H13F-1183:
Optimization of Modeled Land-Atmosphere Exchanges of Water and Energy in an Isotopically-Enabled Land Surface Model by Bayesian Parameter Calibration
Monday, 15 December 2014
Tony E Wong1, David C Noone2,3 and William Kleiber1, (1)University of Colorado at Boulder, Applied Math, Boulder, CO, United States, (2)Oregon State University, College of Earth, Ocean and Atmospheric Sciences, Corvallis, OR, United States, (3)Cooperative Institute for Research in Environmental Sciences, Boulder, CO, United States
Abstract:
The single largest uncertainty in climate model energy balance is the surface latent heating over tropical land. Furthermore, the partitioning of the total latent heat flux into contributions from surface evaporation and plant transpiration is of great importance, but notoriously poorly constrained.

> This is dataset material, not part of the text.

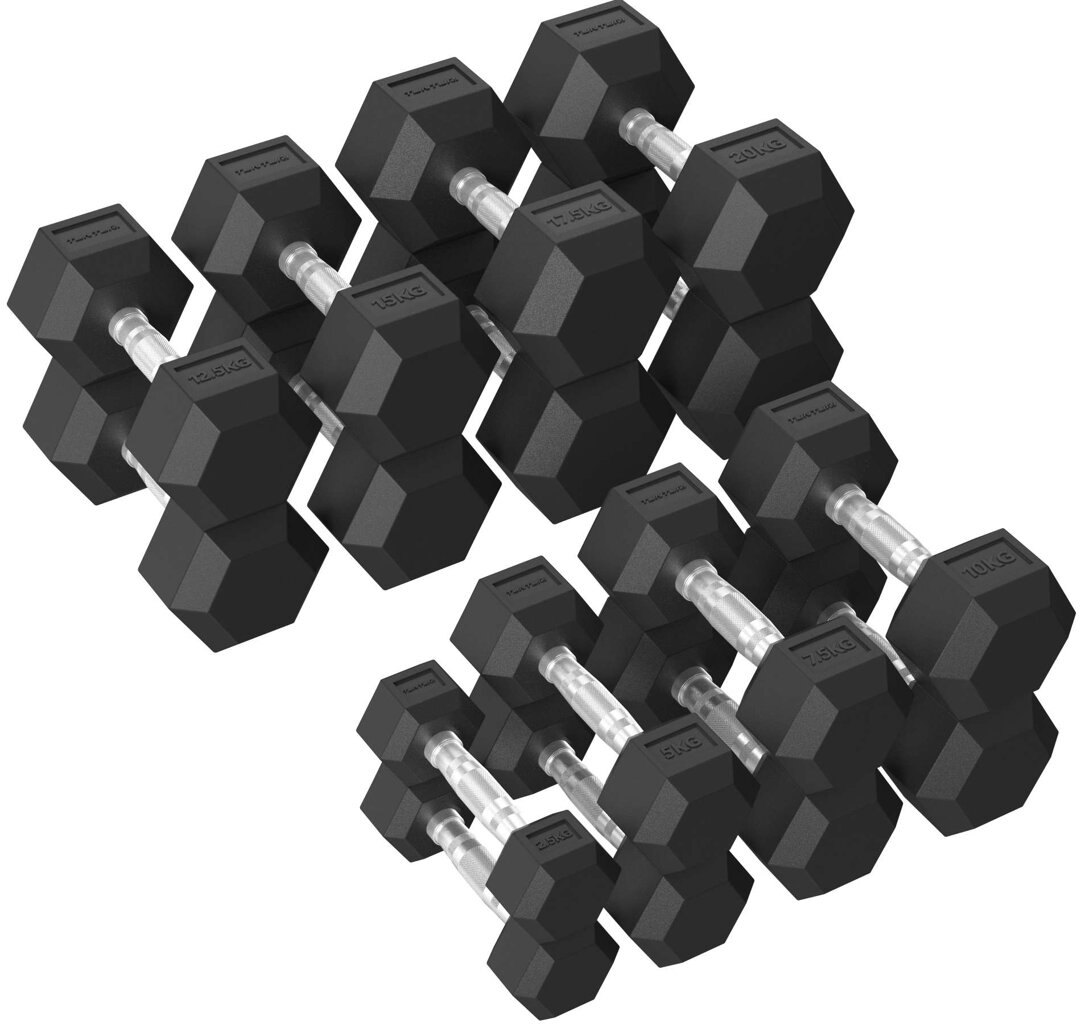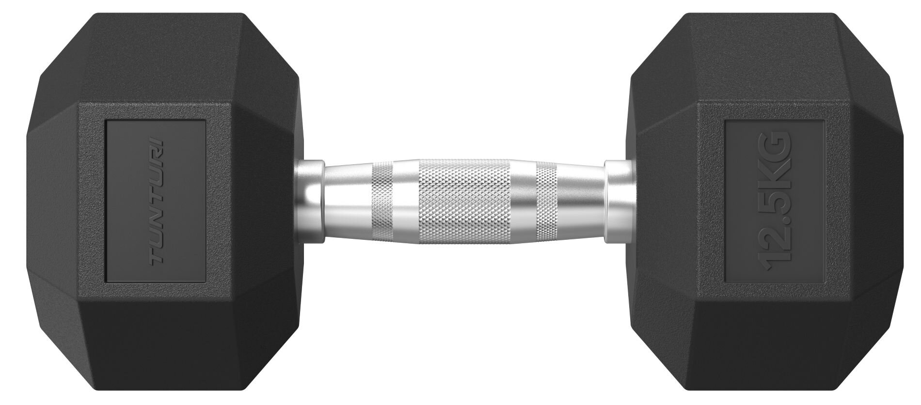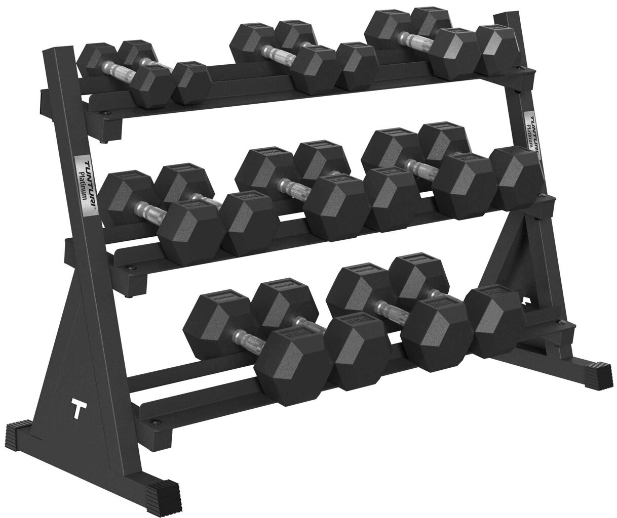 Sada jednoručních činek TUNTURI Platinum Hexa 2,5–20 kg se stojanem je profesionální silový set určený pro komerční fitness centra, osobní tréninková studia i náročné domácí uživatele. Obsahuje 8 párů jednoručních činek s odstupňováním po 2,5 kg a robustní ocelový stojan, který zajišťuje přehledné, bezpečné a ergonomické uložení celé sady.

Resolving these issues will require better exploiting information which lies at the interface between observations and advanced modeling tools, both of which are imperfect. There are remarkably few observations which can constrain these fluxes, placing strict requirements on developing statistical methods to maximize the use of limited information to best improve models. Previous work has demonstrated the power of incorporating stable water isotopes into land surface models for further constraining ecosystem processes. We present results from a stable water isotopically-enabled land surface model (iCLM4), including model experiments partitioning the latent heat flux into contributions from plant transpiration and surface evaporation. It is shown that the partitioning results are sensitive to the parameterization of kinetic fractionation used. We discuss and demonstrate an approach to calibrating select model parameters to observational data in a Bayesian estimation framework, requiring Markov Chain Monte Carlo sampling of the posterior distribution, which is shown to constrain uncertain parameters as well as inform relevant values for operational use. Finally, we discuss the application of the estimation scheme to iCLM4, including entropy as a measure of information content and specific challenges which arise in calibration models with a large number of parameters.